■ Task statement ■
Your reply should reproduce the data below without a single alteration, apart from dropping the images.

*** Opening of Data shown ***

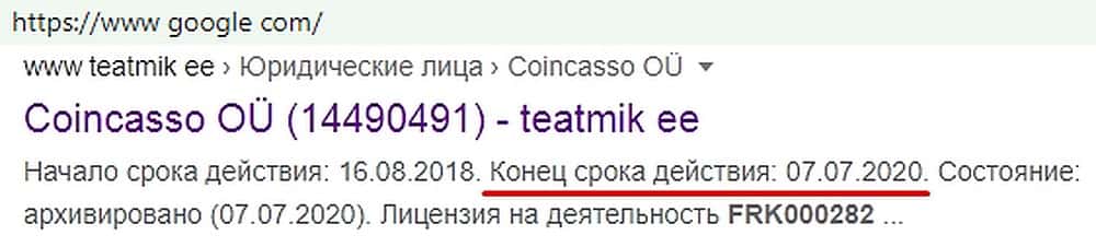 Но вот незадача. Срок действия лицензии хапуг Коин Кассо, на момент написания данной статьи, истек уже более чем на полгода, а это означает, что каталы действуют вне закона.
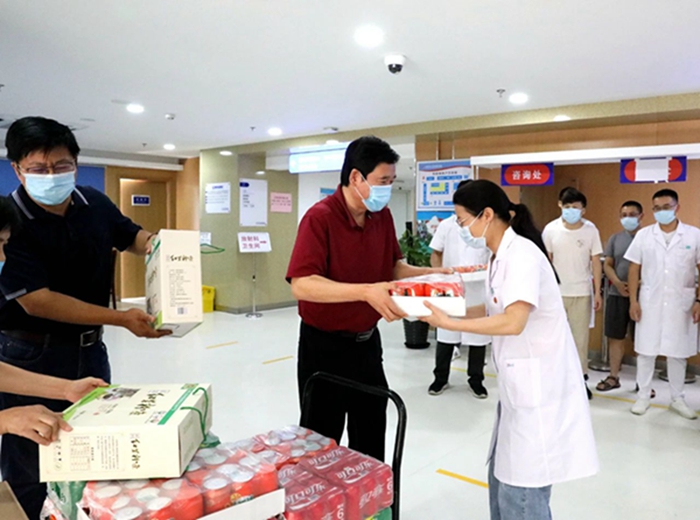 時(shí)值三伏酷暑,殷殷關(guān)愛(ài)情誼濃。受北京市總工會(huì )、北化集團黨委委托,集團黨委副書(shū)記、工會(huì )主席吳瑞峰,黨委常委、副總經(jīng)理孫紹剛分別帶隊,來(lái)到華騰橡塑、大興化工園區各企業(yè)、職防院,親切慰問(wèn)奮戰在生產(chǎn)經(jīng)營(yíng)一線(xiàn)的干部職工。
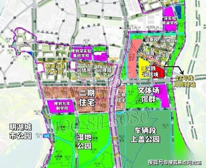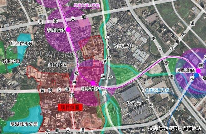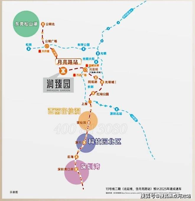 交通便捷:在建的地铁 13 号线月亮路站距项目约 600 米,是真正的地铁口物业。通车后 1 站可达凤凰城站换乘 6 号线,快速连接南山科技园、后海总部等核心区域,未来还将延伸至东莞松山湖,并接驳 29 号线(规划中),无论是日常通勤还是跨城出行都极为便利。同时,项目毗邻松白路、东明大道等城市主干道,自驾出行也能快速连接光明核心区与深圳各区。
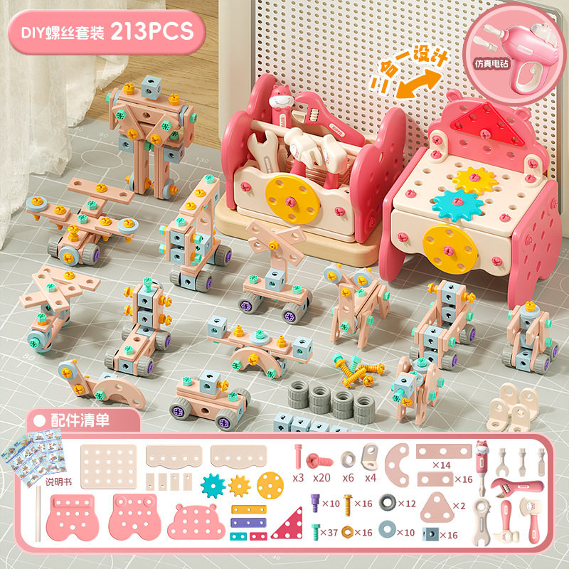Hippopotamus and Xiaobei Tool Table +DIY 2-in-1 with 213 pieces of Electric Drill [Pink]
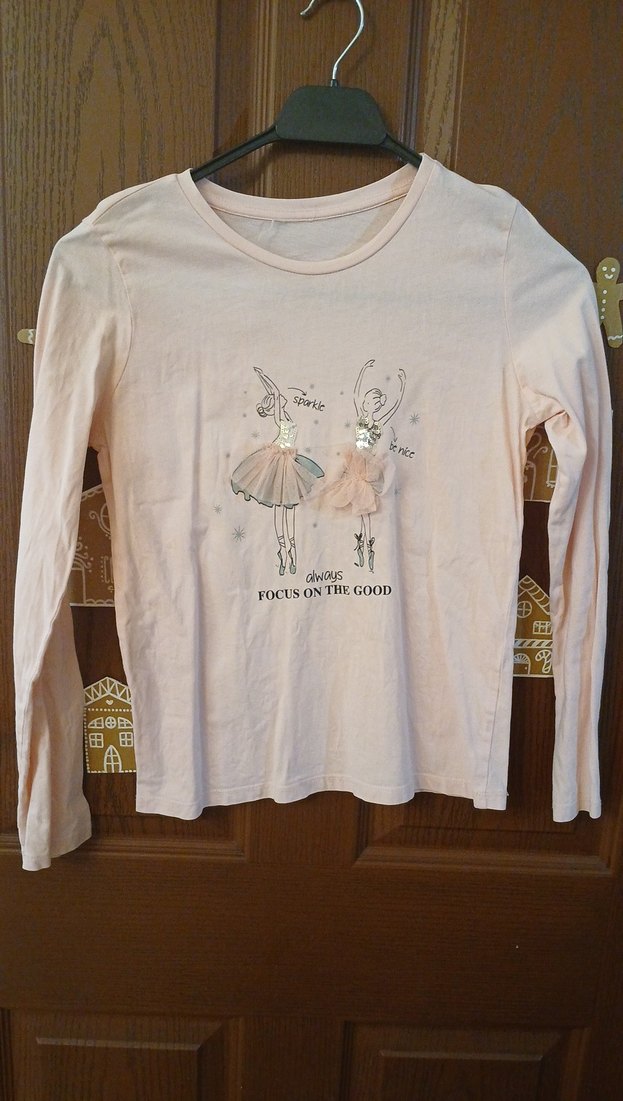 Pamuklu, bej renkli, uzun kollu ve salaş kesim kız çocuk tişörtü. Balerin baskısı ve 'FOCUS ON THE GOOD' yazısı bulunur .
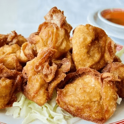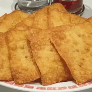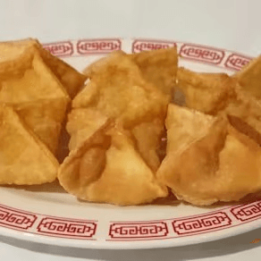 10 pieces. Wonton wrapper, deep fried to golden brown. Served with sweet and sour sauce
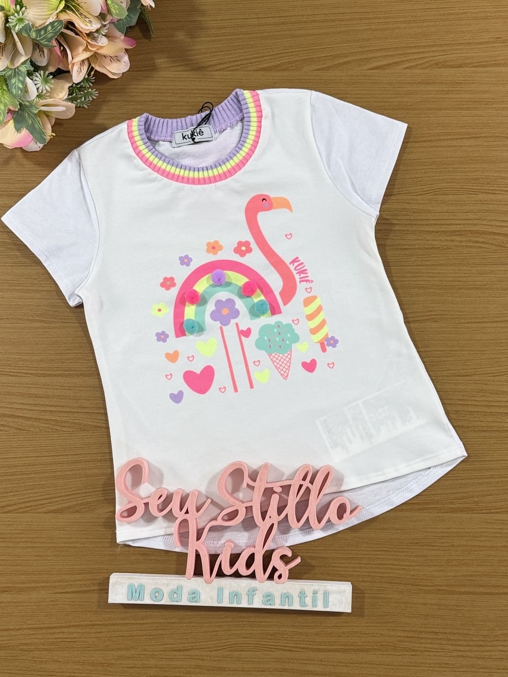 Blusa Infantil Kukie Verão Branca Flamingo Arco Iris
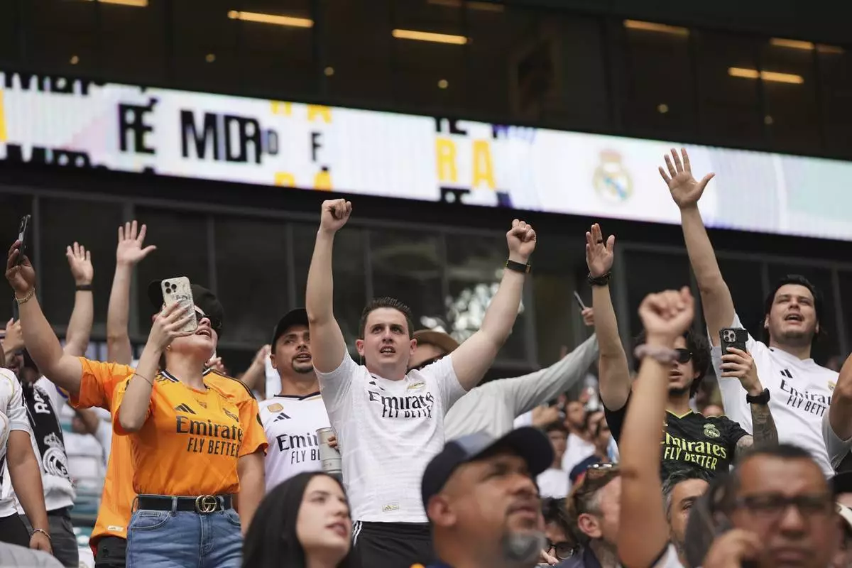 Real Madrid fans cheer their team before the Club World Cup round of 16 soccer match between Real Madrid and Juventus in Miami Gardens, Fla., Tuesday, July 1, 2025. (AP Photo/Lynne Sladky)
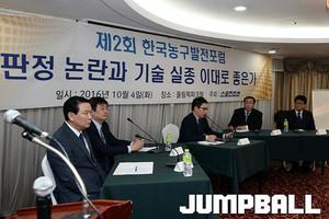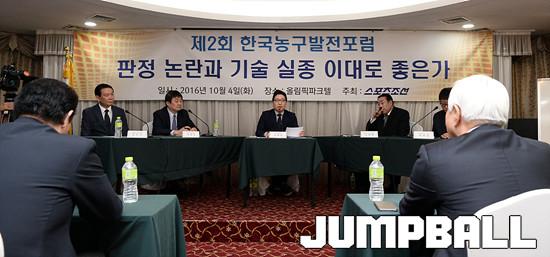 | 04일 오후 2시 서울 방이동 올림픽파크텔 서울홀에서 스포츠조선이 주최하는 제2회 한국농구발전포럼이 열렸다. 포럼은 1부와 2부로 나눠서 진행된다. 지난해 외국인 선수 제도를 다양한 시각으로 다룬데 이어, 올해는 한국농구의 문제점으로 지적받고 있는 판정 논란과 기술 실종의 원인 및 해결 방안에 대해 토론을 진행한다. 점프볼 편집장 손대범의 사회로 포럼이 진행되고있다. (패널은 좌로부터 WKBL 김진수, KBL 이재민 경기본부장, 김태환 MBC스포츠+ 해설위원, 박세운 CBS노컷뉴스 기자) |
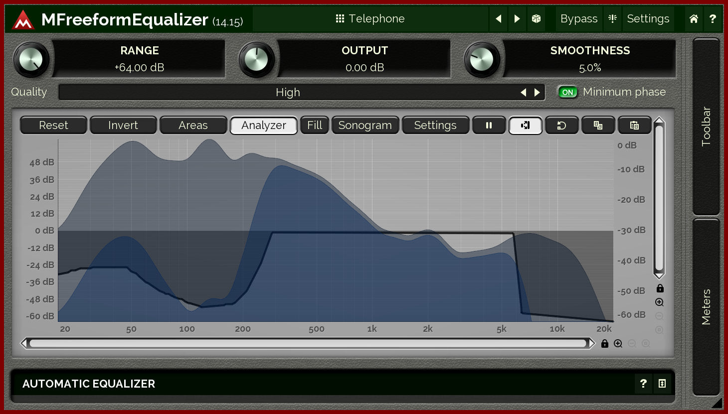 Some things just cannot be done with traditional equalizers. MFreeformEqualizer breaks all those limitations. Just draw the equalization that you want and the plugin will make it happen!
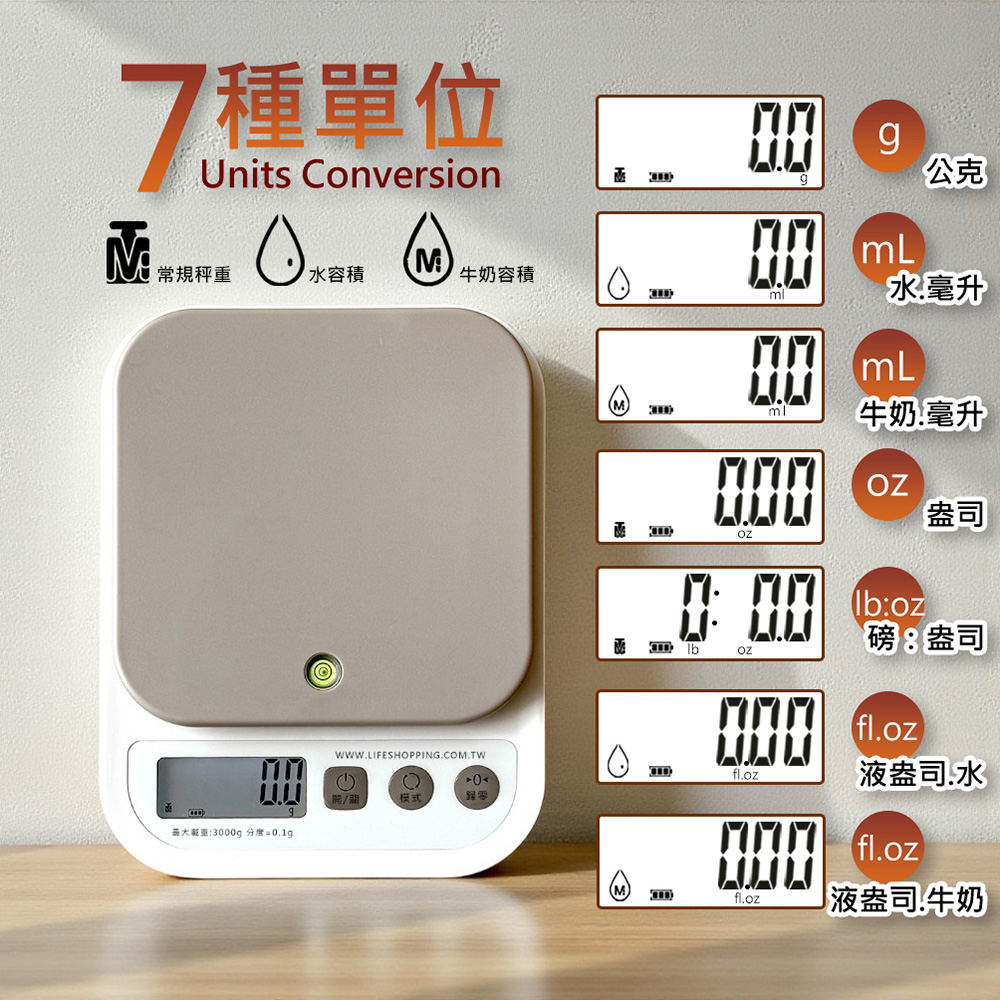 單位:克(g)、毫升(水)(ml)、毫升(牛奶)(ml)、盎司(oz)、磅:盎司(lb:oz)、 液盎司(水) (fl oz)、液盎司(牛奶) (fl oz)
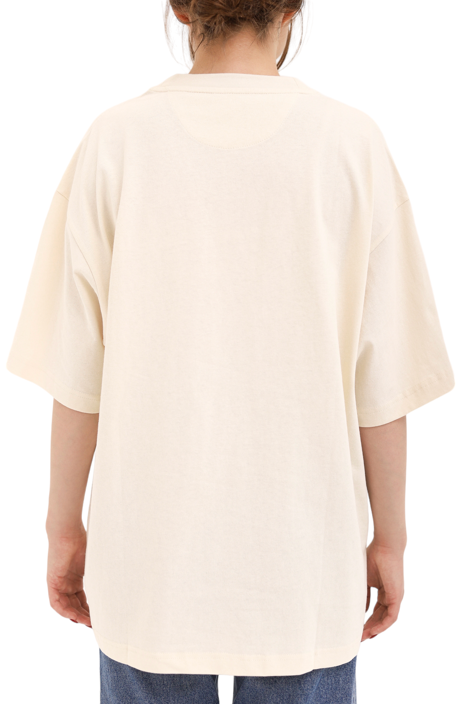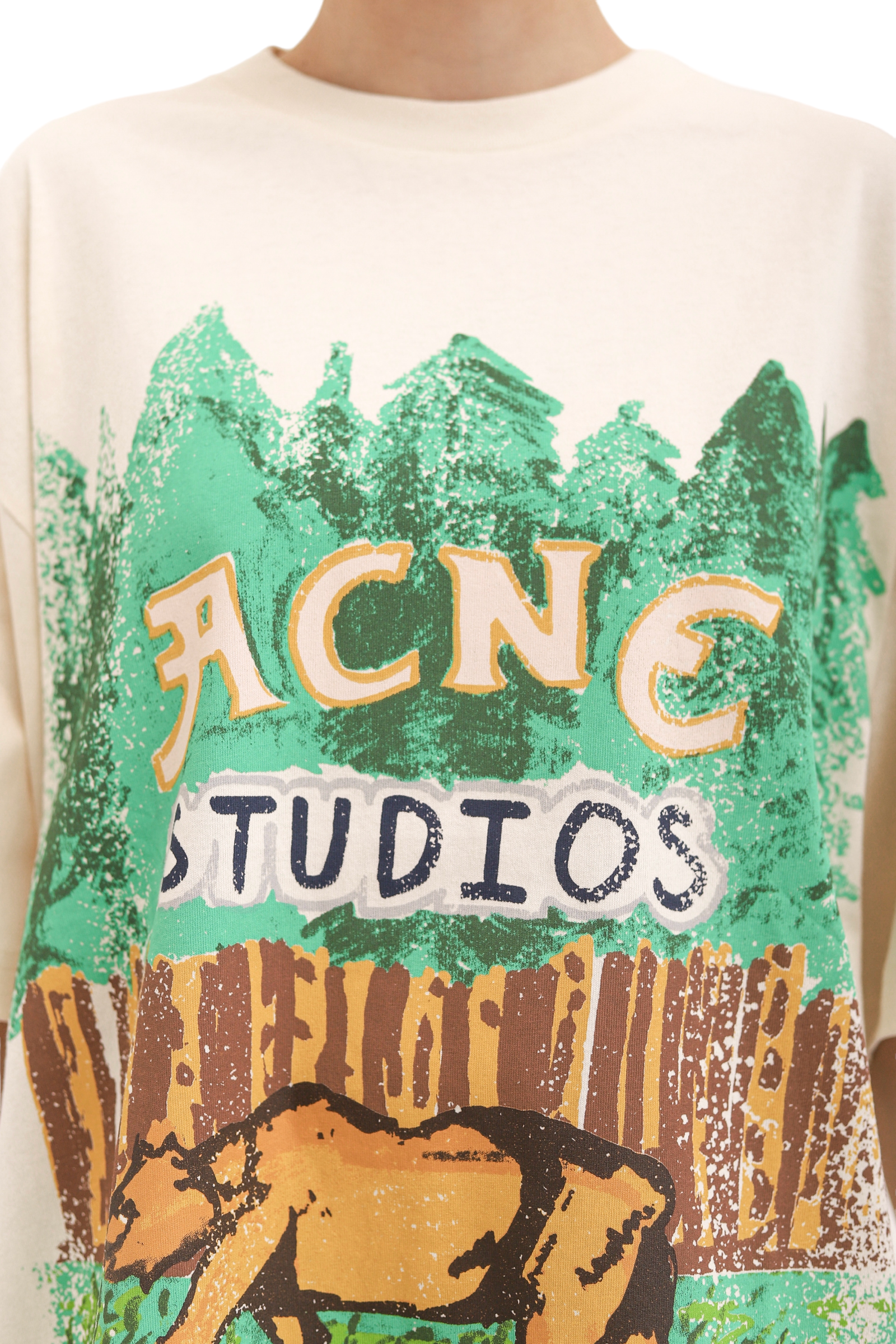 Футболка з бавовняного трикотажу з коротким рукавом бежевого кольору. Трикотажний комір з ребристим коміром. Логотип жовтого та темно-синього кольорів на грудях. Спереду багатобарвний графічний принт. Частина колаборації Acne Studios x Grant Levy Lucero.

*** Close of Data shown ***

■ Exercise answer ■
 Но вот незадача. Срок действия лицензии хапуг Коин Кассо, на момент написания данной статьи, истек уже более чем на полгода, а это означает, что каталы действуют вне закона.
 時(shí)值三伏酷暑,殷殷關(guān)愛(ài)情誼濃。受北京市總工會(huì )、北化集團黨委委托,集團黨委副書(shū)記、工會(huì )主席吳瑞峰,黨委常委、副總經(jīng)理孫紹剛分別帶隊,來(lái)到華騰橡塑、大興化工園區各企業(yè)、職防院,親切慰問(wèn)奮戰在生產(chǎn)經(jīng)營(yíng)一線(xiàn)的干部職工。
 交通便捷:在建的地铁 13 号线月亮路站距项目约 600 米,是真正的地铁口物业。通车后 1 站可达凤凰城站换乘 6 号线,快速连接南山科技园、后海总部等核心区域,未来还将延伸至东莞松山湖,并接驳 29 号线(规划中),无论是日常通勤还是跨城出行都极为便利。同时,项目毗邻松白路、东明大道等城市主干道,自驾出行也能快速连接光明核心区与深圳各区。
Hippopotamus and Xiaobei Tool Table +DIY 2-in-1 with 213 pieces of Electric Drill [Pink]
 Pamuklu, bej renkli, uzun kollu ve salaş kesim kız çocuk tişörtü. Balerin baskısı ve 'FOCUS ON THE GOOD' yazısı bulunur .
 10 pieces. Wonton wrapper, deep fried to golden brown. Served with sweet and sour sauce
 Blusa Infantil Kukie Verão Branca Flamingo Arco Iris
 Real Madrid fans cheer their team before the Club World Cup round of 16 soccer match between Real Madrid and Juventus in Miami Gardens, Fla., Tuesday, July 1, 2025. (AP Photo/Lynne Sladky)
 | 04일 오후 2시 서울 방이동 올림픽파크텔 서울홀에서 스포츠조선이 주최하는 제2회 한국농구발전포럼이 열렸다. 포럼은 1부와 2부로 나눠서 진행된다. 지난해 외국인 선수 제도를 다양한 시각으로 다룬데 이어, 올해는 한국농구의 문제점으로 지적받고 있는 판정 논란과 기술 실종의 원인 및 해결 방안에 대해 토론을 진행한다. 점프볼 편집장 손대범의 사회로 포럼이 진행되고있다. (패널은 좌로부터 WKBL 김진수, KBL 이재민 경기본부장, 김태환 MBC스포츠+ 해설위원, 박세운 CBS노컷뉴스 기자) |
 Some things just cannot be done with traditional equalizers. MFreeformEqualizer breaks all those limitations. Just draw the equalization that you want and the plugin will make it happen!
 單位:克(g)、毫升(水)(ml)、毫升(牛奶)(ml)、盎司(oz)、磅:盎司(lb:oz)、 液盎司(水) (fl oz)、液盎司(牛奶) (fl oz)
 Футболка з бавовняного трикотажу з коротким рукавом бежевого кольору. Трикотажний комір з ребристим коміром. Логотип жовтого та темно-синього кольорів на грудях. Спереду багатобарвний графічний принт. Частина колаборації Acne Studios x Grant Levy Lucero.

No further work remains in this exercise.